DATA TO USE:

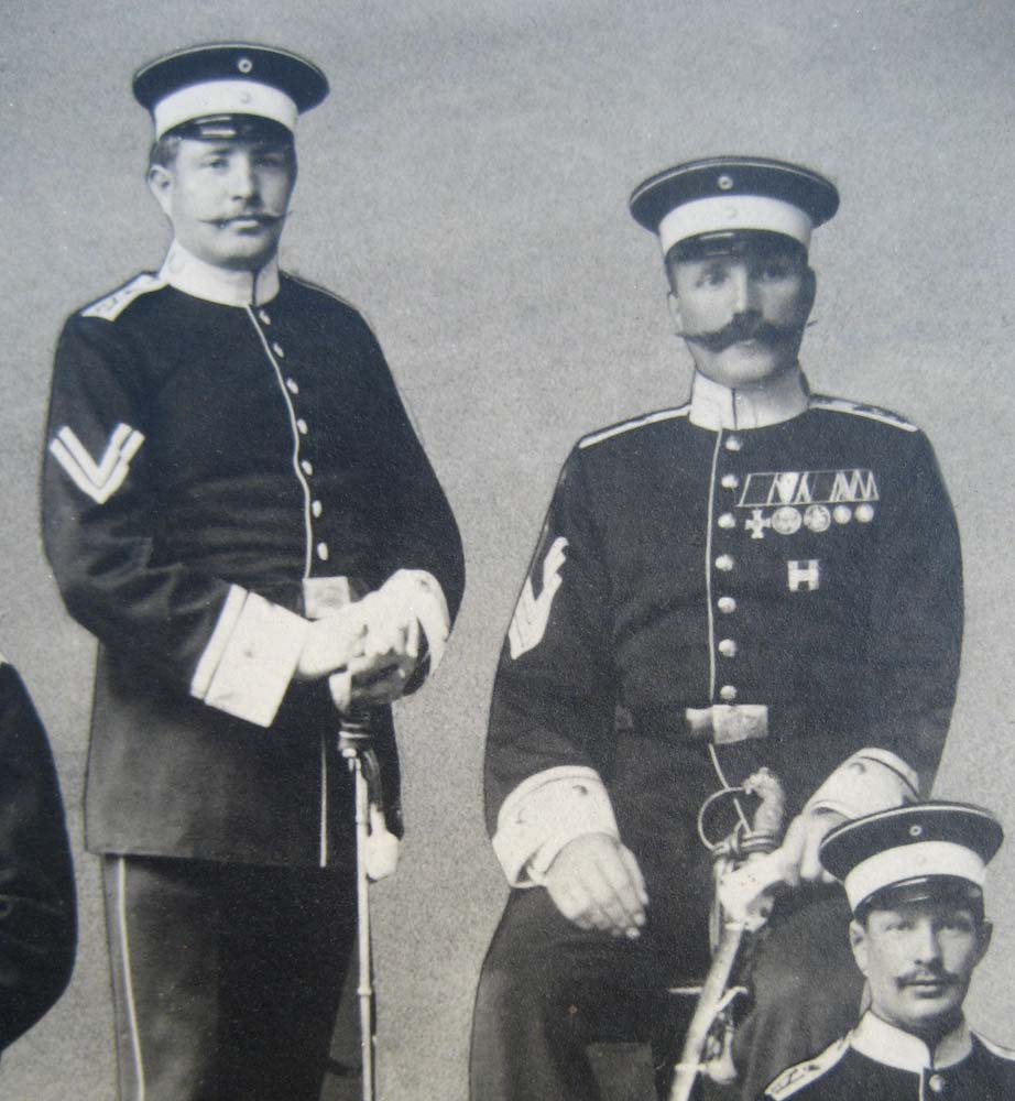 Unteroffizierchargen um Kragen und Aufschläge silberne glatte Tressen. Etatsmäßige Wachtmeister und Stabstrompeter oberhalb der Aufschläge noch eine zweite, schmälere Tresse (A. K.-O. vom 28. Juli 1889). (...)
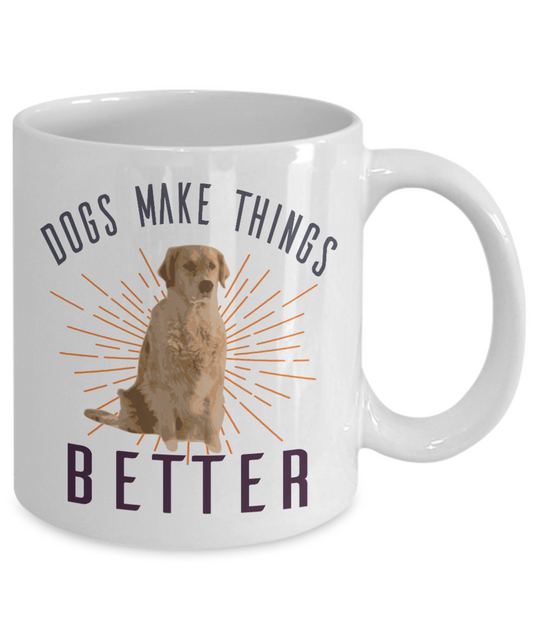 Dog Lover Coffee Mug, Dogs Make Things Better- White Porcelain Coffee Mug 11 Oz Funny Quotes Coffee Mug
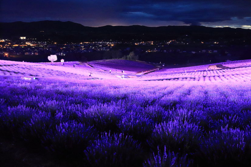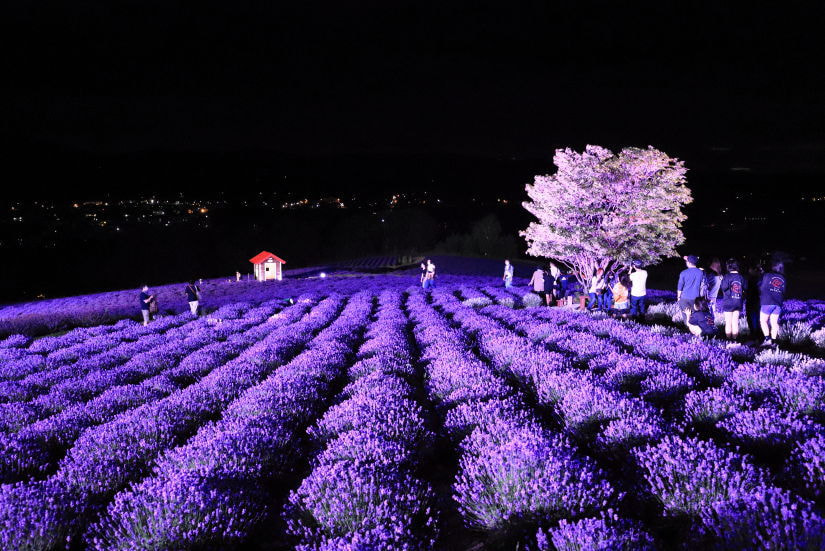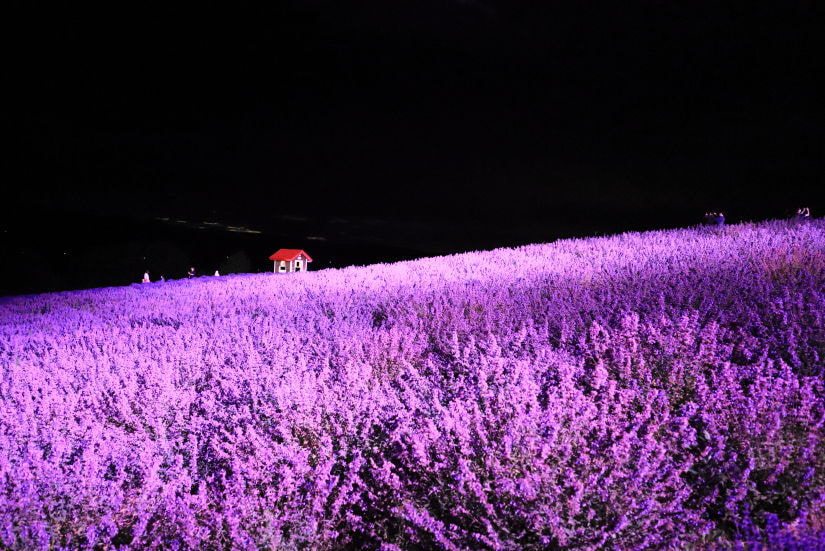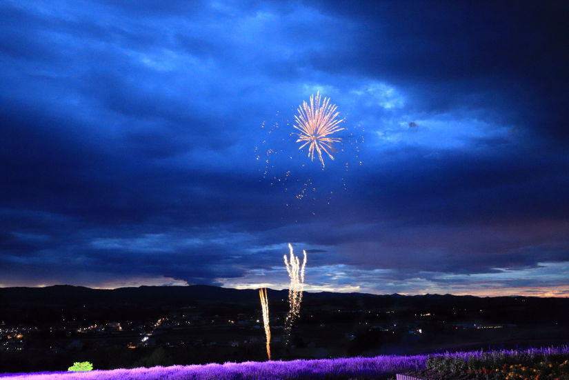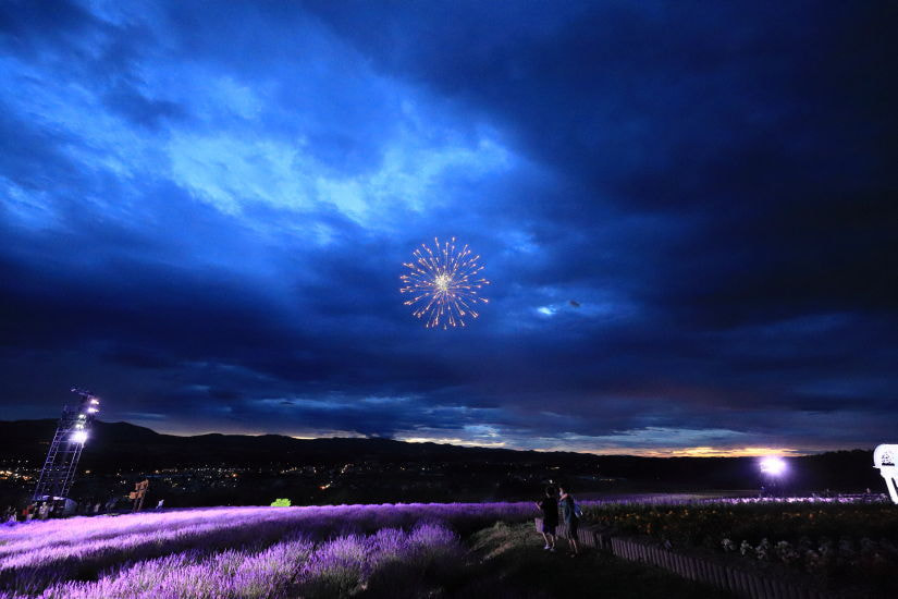 「日の出公園」の「ラベンダー園」がライトアップされる「ラベンダーフェスタ」が開催され、オープニングの挨拶の後、予想していなかった花火が上がりました。
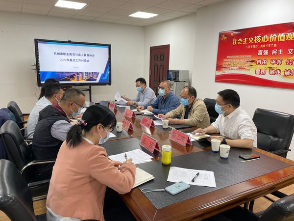 4月27日,杭州市职业教育与成人教育协会在杭州科技职业技术学院城区校区召开2022年度工作研讨会。市职成教协会会长、杭州科技职业技术学院校长温正胞,市职成教协会副会长、杭州科技职业技术学院副校长袁俊,市职成教协会副会长、杭州明珠专修学校校长毛益飞及各分会秘书长出席会议。会议由市职成教协会秘书长陈志凌主持。
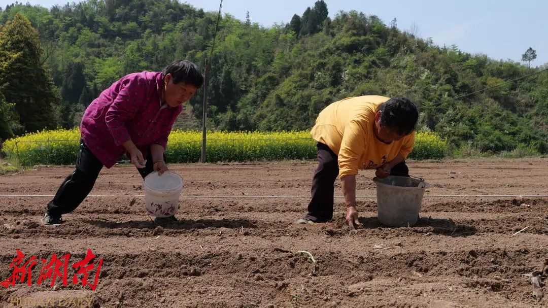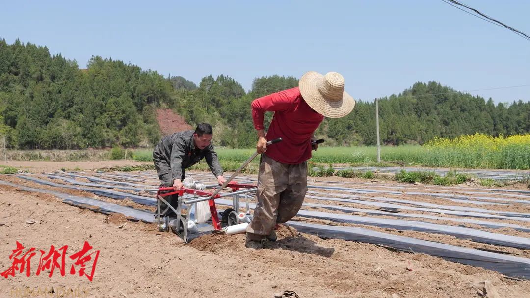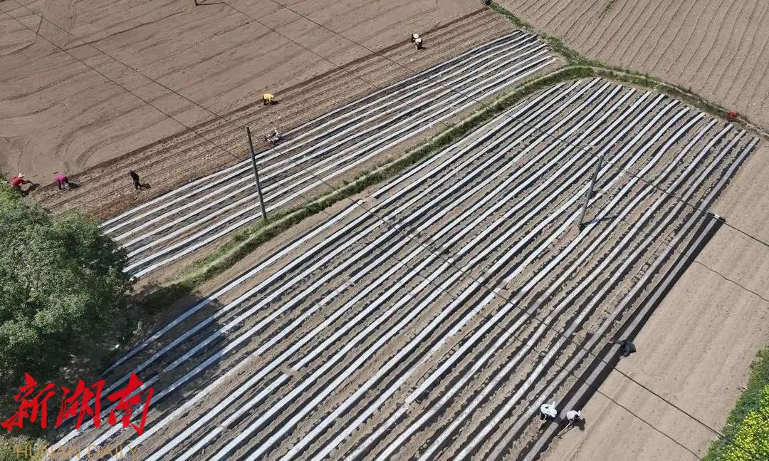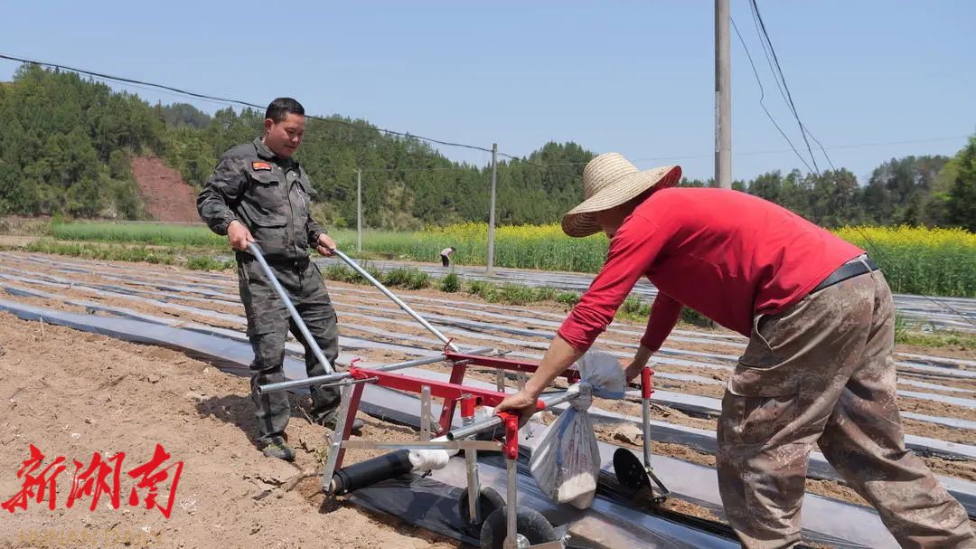 湖南日报·新湖南客户端4月7日讯(通讯员 张思 张芬)4月7日,春风和煦,在廖家村镇苗寨社区集中连片的70亩高标准农田里,20余名村民正抢抓农时开展春耕生产,他们分工明确,有的弯腰细致地铺设地膜,有的沿着笔直的垄沟下花生种子。这是廖家村镇“党建+产业”示范点之一,由党员致富带头人龙昌猛带头创建,既是该镇规模化种植小米红衣花生的示范基地,也是探索农业转型升级“创新试验田”。

WHAT YOU NEED TO DO: Take the line containing "4月27日,杭州市职业教育与" and all lines after it to the end of the data above, and reproduce them exactly, leaving out pictures. Nothing else belongs in the copy.

WRITTEN SOLUTION:
 4月27日,杭州市职业教育与成人教育协会在杭州科技职业技术学院城区校区召开2022年度工作研讨会。市职成教协会会长、杭州科技职业技术学院校长温正胞,市职成教协会副会长、杭州科技职业技术学院副校长袁俊,市职成教协会副会长、杭州明珠专修学校校长毛益飞及各分会秘书长出席会议。会议由市职成教协会秘书长陈志凌主持。
 湖南日报·新湖南客户端4月7日讯(通讯员 张思 张芬)4月7日,春风和煦,在廖家村镇苗寨社区集中连片的70亩高标准农田里,20余名村民正抢抓农时开展春耕生产,他们分工明确,有的弯腰细致地铺设地膜,有的沿着笔直的垄沟下花生种子。这是廖家村镇“党建+产业”示范点之一,由党员致富带头人龙昌猛带头创建,既是该镇规模化种植小米红衣花生的示范基地,也是探索农业转型升级“创新试验田”。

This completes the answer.